Pour les plantes fourragères, les études peuvent durer 3 ans, une seule implantation, et plusieurs années de récolte. Ce réseau, dit « réseau CTPS » regroupe des expérimentateurs de toutes les structures du CTPS (GEVES, obtenteurs, ITA et INRA) mais également quelques coopératives, lycée agricoles ; il est coordonné par le GEVES.

 

 

La décision d'admission VATE

Pour être proposée à l’inscription, la variété nouvelle doit apporter un progrès par rapport aux variétés actuelles, pour cela elle est comparée à des variétés faisant référence sur le marché (les témoins). Les règles d’inscription doivent permettre de tenir compte de critères aussi différents que le rendement, la résistance aux maladies, la précocité et les valeurs d’utilisation. Le nombre de critères pris en compte est très variable selon les espèces, de 3 pour le maïs grain (rendement, précocité et résistance à la verse) à 24 pour les pommes de terre de consommation. Ces règles ont été formalisées par des commissions d’experts du CTPS et sont publiées dans les règlements techniques. Définissant les critères auxquels doivent répondre les variétés pour être inscrites au catalogue français, ces règles orientent le progrès génétique. Elles ne sont pas figées dans le temps mais sont en évolution constante pour mieux répondre aux attentes des utilisateurs et de la société, en tenant compte des avancées de la sélection.

Parmi les dernières évolutions de règlement on peut indiquer l’attribution d’un malus aux variétés de blé tendre à faible en protéines (GPD-) alors qu’avant seules les variétés à GPD+ étaient bonifiées, les modifications au niveau de le prise en compte de la teneur en protéines pour le colza,  la note environnementale pour les variétés de pomme de terre, le système de bonification des variétés de Betteraves résistantes aux maladies foliaires….. des évolutions qui cherchent à orienter vers plus de résistances aux bioagresseurs, meilleure adéquation aux besoins des marchés.

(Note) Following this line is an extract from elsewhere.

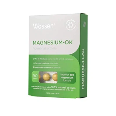 Wassen Magnesium OK 90 Tablets Supplements for Women Hormone Balance PMS Menopause Daily 3 Month Supply

Inscrire pour l’Agriculture Biologique

Le CTPS souhaite également prendre en compte les demandes de l’Agriculture Biologique. Une commission transversale aux sections par groupe d'espèces du CTPS a été créée fin 2016 pour favoriser l’inscription au catalogue français de variétés pour l’agriculture biologique.

Pour le blé tendre un dispositif spécifique d’étude est mis en place depuis 2010, il associe évaluation en situations conventionnelles et évaluation en situations AB. 2 variétés de blé tendre Hendrix et Skerzzo ont été inscrites fin 2011 sur la base de ce dispositif, 3 variétés, déposées en 2016, sont actuellement en étude. Pour le soja, le  réseau d’essais d’inscription comprend deux situations AB pour la série tardive.